December 20, 2013 – This month, in the journal, RSC Advances, focused on the chemical sciences, Canadian researchers report they have developed a technology to remediate oil from contaminated soil using CO2-responsive surfactants. In tests at 50 Celsius (122 Fahrenheit) degrees, half the temperature of steam, the chemicals successfully removed North Sea crude oil from sand allowing for recovery of the fuel.
This ability to recover the oil and resell it could pay for the cost of remediating a land-based spill. One of the concerns in using any surfactant on a oil spills of which there are so many every year, is the nature of the chemistry involved. Surfactants often contain hazardous ingredients which then need to be disposed of safely. But this new technology is a switchable surfactant triggered by the application of heat and CO2. The surfactant creates an emulsion. The CO2 disrupts the oil from the water allowing for separation. Removing the CO2 makes it possible to recover the surfactant for reuse. The recovered oil can then be refined.
It seems logical that in the country of the Athabasca Oil Sands we would come up with a technology that would separate oil from surface-based spills on land. After all the chemistry involved in creating bitumen bears some similarity. There is, however, a distinct difference.
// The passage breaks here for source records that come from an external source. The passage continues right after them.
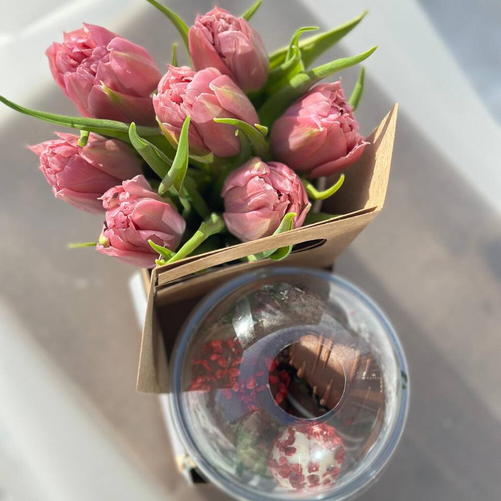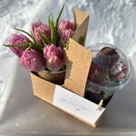 Клубника в шоколаде - 300 гр. тюльпаны в стакане - 7 шт.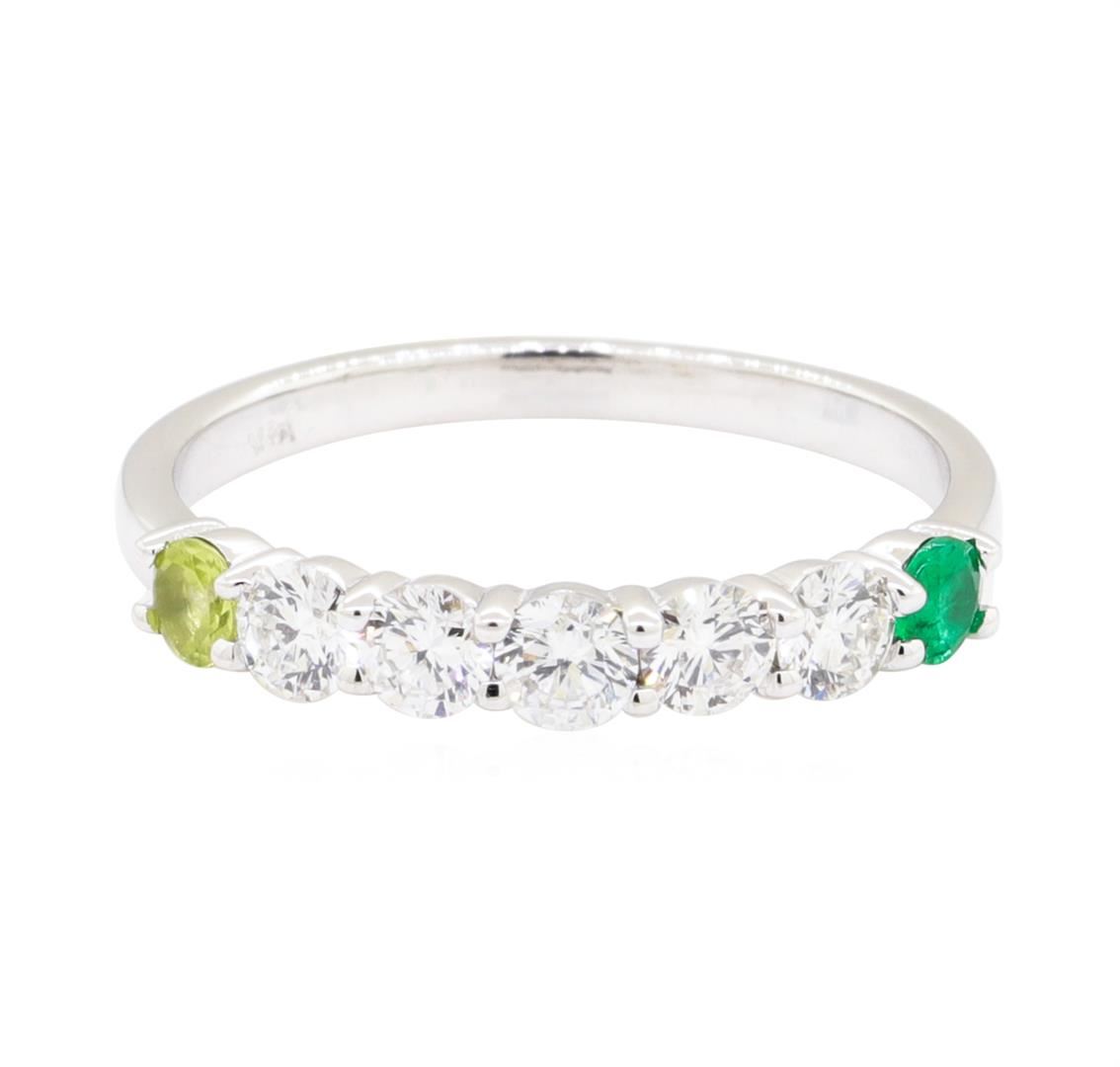 One ring featuring: 14KT white gold weighing 1.8 grams containing one peridot weighing 0.10ct, one emerald weighing 0.10ct, and diamonds weighing 0.50ctw. The ring is a size 6.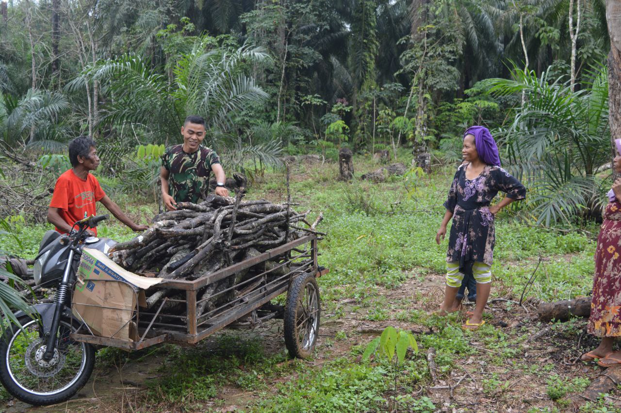 Palas – Tak tega melihat Bonisa seorang nenek yang mencari kayu bakar ke hutan, anggota Satgas TMMD Reguler ke-123 Kodim 0212/Tapsel, Pratu Diki Siregar langsung turun ikut membantu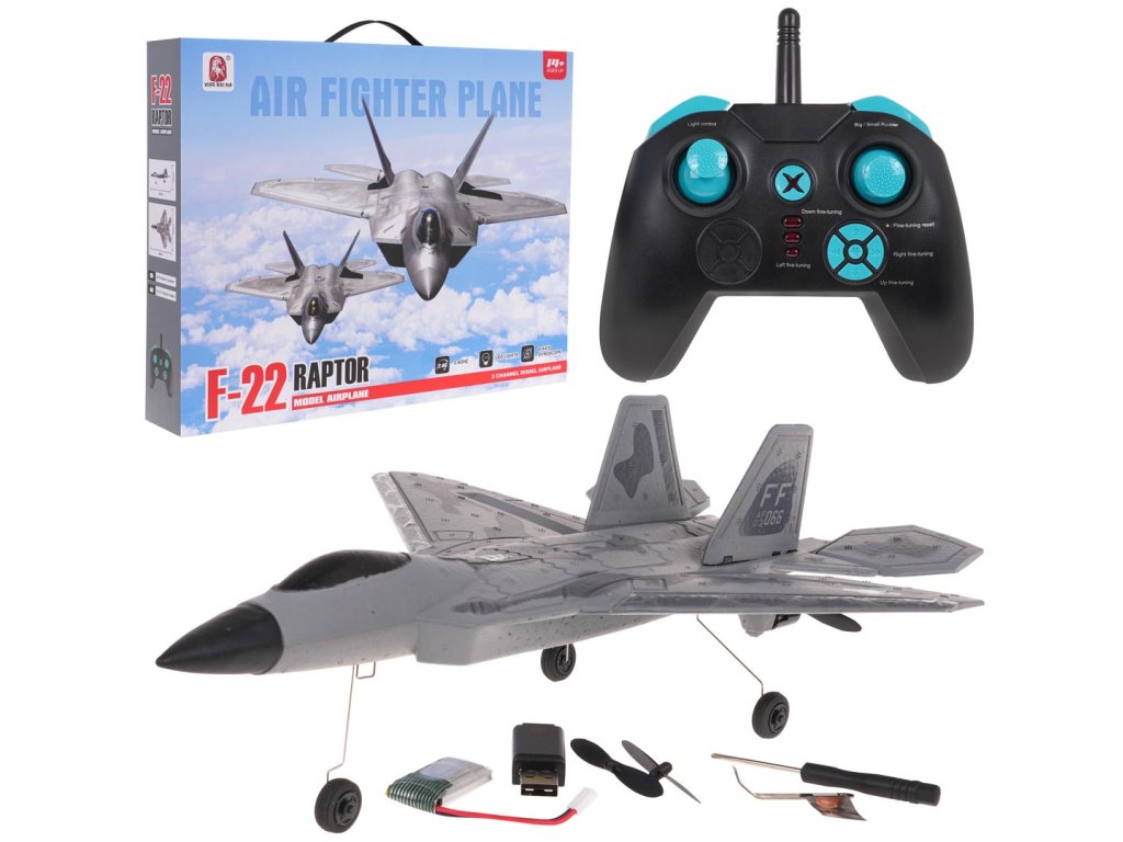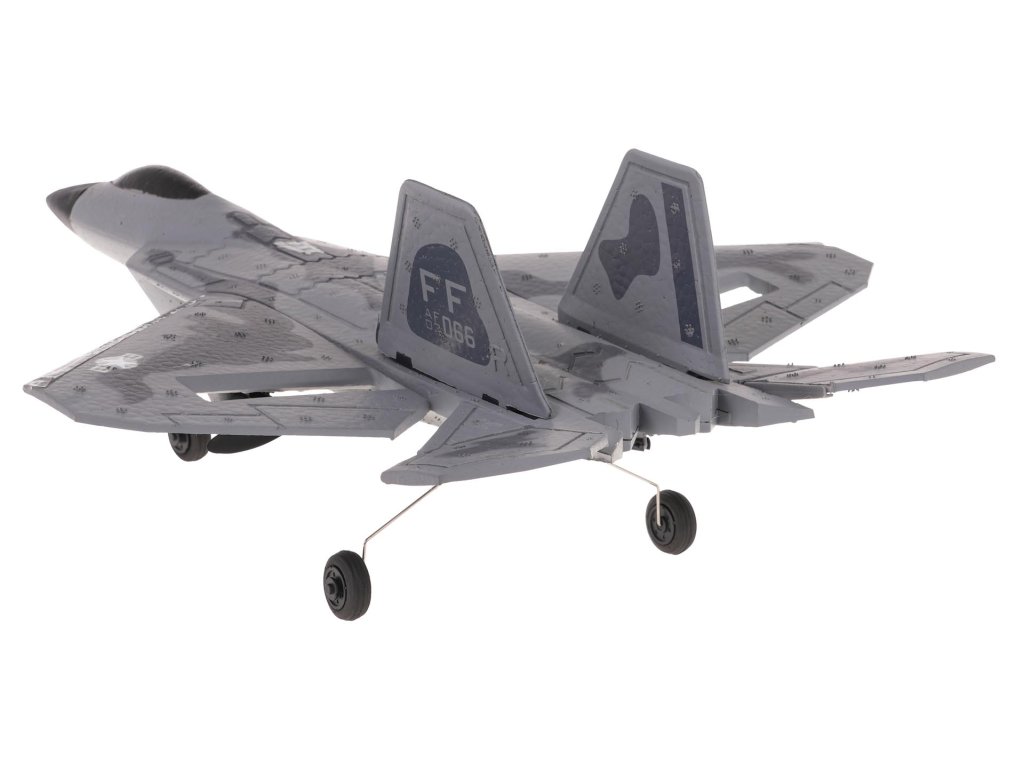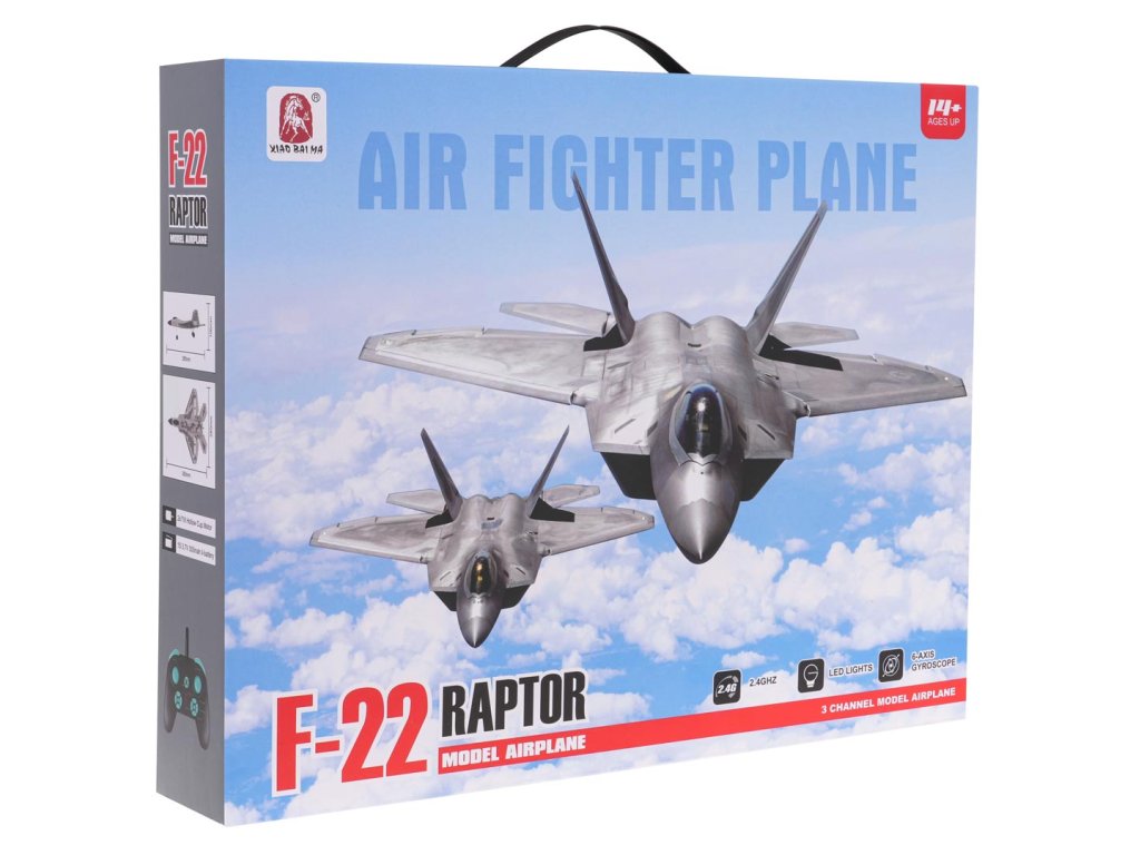 Diaľkovo ovládané stíhacie lietadlo Raptor F-22 pre deti od 14 rokov a dospelých. Lietadlo je vyrobené z ľahkého, ale odolného a pružného materiálu EPP a je ľahko ovládateľné. Je veľmi manévrovateľné a relatívne ľahko sa pilotuje. Poháňané dvoma motormi ponúka neuveriteľnú rýchlosť a zážitok z lietania. Vhodné na lietanie vonku. Doba letu je približne 10 minút. Lietadlo je poháňané 3,7 V batériou (súčasť balenia) a diaľkové ovládanie 4 x AAA batériami (nie sú súčasťou balenia).

Note there are no unsightly holding ponds needed in the decontaminating of land-based spills, one of the real challenges of current oil sands production.
With so many new oil pipelines in the planning stage, (Northern Gateway, KeystoneXL, Kinder Morgan, and the reversal of Line 9, a west-to-east Canadian pipeline) and with more oil being shipped overland by rail, developing a better way to manage and remediate spills is a must. It, unfortunately, cannot come soon enough for the people of Lac Megantic, Quebec who experienced one of the worst land-based spills in modern history.
The technology is being pioneered at the GreenCentre Canada, Queen’s University in Kingston, Ontario. Future research will focus on reducing the amount of heat needed to obtain the same chemical response.